I just read the first page of the Session- Simulating Panic. I've worked really hard to decrease the risk of having a panic attack by learning as much as I have and doing the homework thus far. Now, I can say I'm nervous about this session. So, this was my quick pause before I continue on with the session. My brain is still repeating "huh?" and I'm questioning the need for this. It's part of the program, so there is a need for it?
Yes, it does make sense. After reading the rest of the session, I understood why it is necessary. It just took me by surprise at first. Some days, I feel like I have moved along in the program to fast, I have been doing a session a week, I have learned so much in such a short time, but I am doing much better now, then I was before the program. I realized today after looking back on my diary, that there are certain triggers that I am still lacking some coping skills for, so I am working on finding how to learn coping skills for those specific triggers. I don't want to just get by, I want recovery.
I am planning a camping trip as a reward. That weekend I am also going to be a passenger on the freeway/highway as part of exposure therapy and make it to the candle shop I have avoided for years and reward myself with a candle as well. I'm excited about both of these.
I don't think being alone is a bad thing.
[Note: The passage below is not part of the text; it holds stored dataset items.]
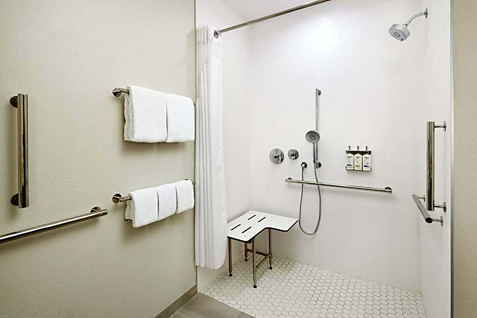 This accessible suite features a microwave and small refrigerator. Visual door and telephone alarms are also included.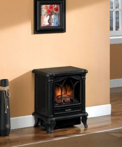 This Black Freestanding Electric Stove Style Fireplace Space Heater adds charm, ambiance and warmth to any room. This stove has a charming picture window with arched frame detailing. The stove can work with or without heat for all-season enjoyment. Product dimensions: 16.25 inches width x 11.61 inches depth x 19.72 inches height; Net Weight: 14.74 lbs.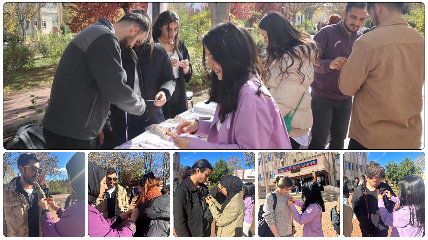 GAÜN ÖĞRENCİLERİ KADINA YÖNELİK ŞİDDETE DİKKAT ÇEKMEK İÇİN MOR KURDELE DAĞITTI

I find it rather relaxing. I dislike sensory overload as I refer to it. Too much action and noise gets rather annoying after a while. I tend my flower beds alone and I actually prefer it that way now. My spouse thought my bleeding heart was a weed and pulled it out in the spring along with my lemongrass that helps repel the Mosquitos. The mosquitos are bad right now and I have numerous bites from sitting on the porch before lunch today. I thought about my missing lemongrass as I smacked at the mosquitos.
A nearby friend, or someone I socialized with on occasion just moved far away. I wasn't upset by this because it freed up more of my alone time. I smiled as I typed that, because this person sometimes was just an annoyance. So if alone time is relaxing it's a good thing to some extent. Just my humble opinion.
Lemongrass isn't invasive. I had planned to pull it apart into more pieces this spring, and replant in a few more locations throughout my flower beds so I would have more of it, of course that wasn't the case. It sure would help with the mosquitos though right now. I think I will have to go this weekend and purchase another plant. My tiger lillies are just starting to bloom and look beautiful. Last year I planted a Sweet Potato vine and it took over a good portion of one of the beds and was a beautiful purple color. This year I didn't plant one because it's a runner.
I have a sign in my flower bed nearest the door that reads "Knock, if no answer, pull weeds." Thankfully nobody pays attention to it. Weeding and deadheading is relaxing for me. It's a chore, but a worthwhile one since I get to reap the benefits of my flowers.
I rolled over in bed about 4am and the whole world was spinning. I started to feel my heart race and quickly started my breathing exercises. I felt nauseated and was sweating. I've had this in the past so I knew what was happening with the vertigo but it took a lot of effort to not have a panic attack and to get from the bed to the bathroom. It's been a rough start to the day as I cannot turn my head quickly or look down without the dizziness being brought back. Dr is not into today, so I have to cope with this until I can be seen.Any home remedies besides pretending I'm a statue?